## Source information
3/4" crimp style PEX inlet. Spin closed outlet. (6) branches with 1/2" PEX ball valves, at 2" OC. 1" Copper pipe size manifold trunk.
* * *
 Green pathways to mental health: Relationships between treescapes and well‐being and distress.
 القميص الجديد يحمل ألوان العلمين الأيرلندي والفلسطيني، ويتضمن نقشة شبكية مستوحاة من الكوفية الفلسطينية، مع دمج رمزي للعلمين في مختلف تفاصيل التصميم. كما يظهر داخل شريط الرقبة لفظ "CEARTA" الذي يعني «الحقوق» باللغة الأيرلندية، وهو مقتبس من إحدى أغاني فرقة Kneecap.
--
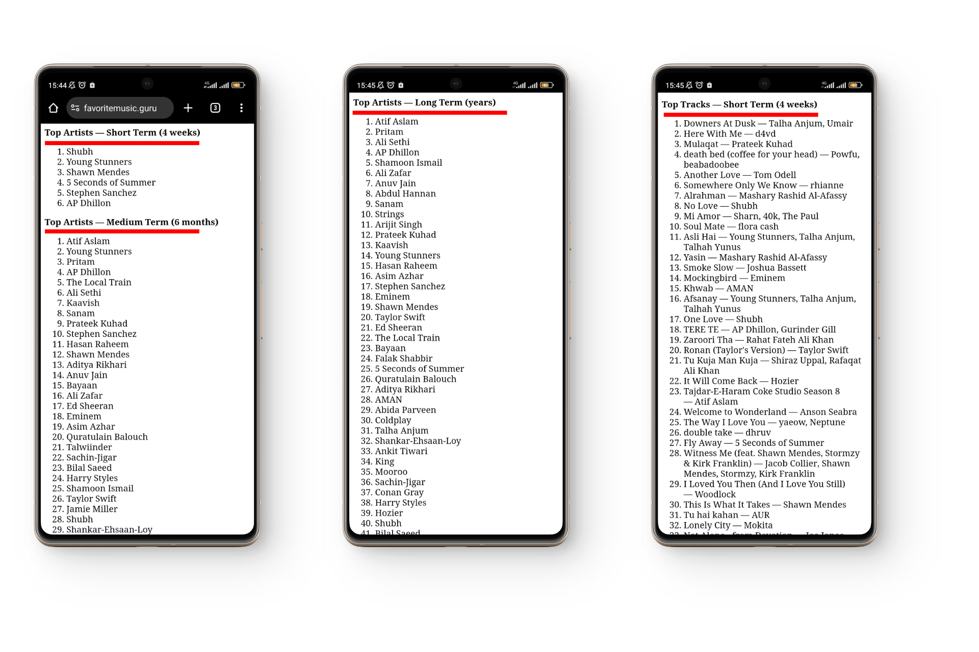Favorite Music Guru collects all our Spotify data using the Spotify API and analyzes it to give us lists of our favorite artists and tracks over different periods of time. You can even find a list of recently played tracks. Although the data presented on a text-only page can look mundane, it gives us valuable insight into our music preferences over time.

## Problem to work on
Give back exactly the lines above starting at the line where "Green pathways to" appears and ending at the line where "القميص الجديد يحمل" appears, both included, with no other lines.

## Task output
 Green pathways to mental health: Relationships between treescapes and well‐being and distress.
 القميص الجديد يحمل ألوان العلمين الأيرلندي والفلسطيني، ويتضمن نقشة شبكية مستوحاة من الكوفية الفلسطينية، مع دمج رمزي للعلمين في مختلف تفاصيل التصميم. كما يظهر داخل شريط الرقبة لفظ "CEARTA" الذي يعني «الحقوق» باللغة الأيرلندية، وهو مقتبس من إحدى أغاني فرقة Kneecap.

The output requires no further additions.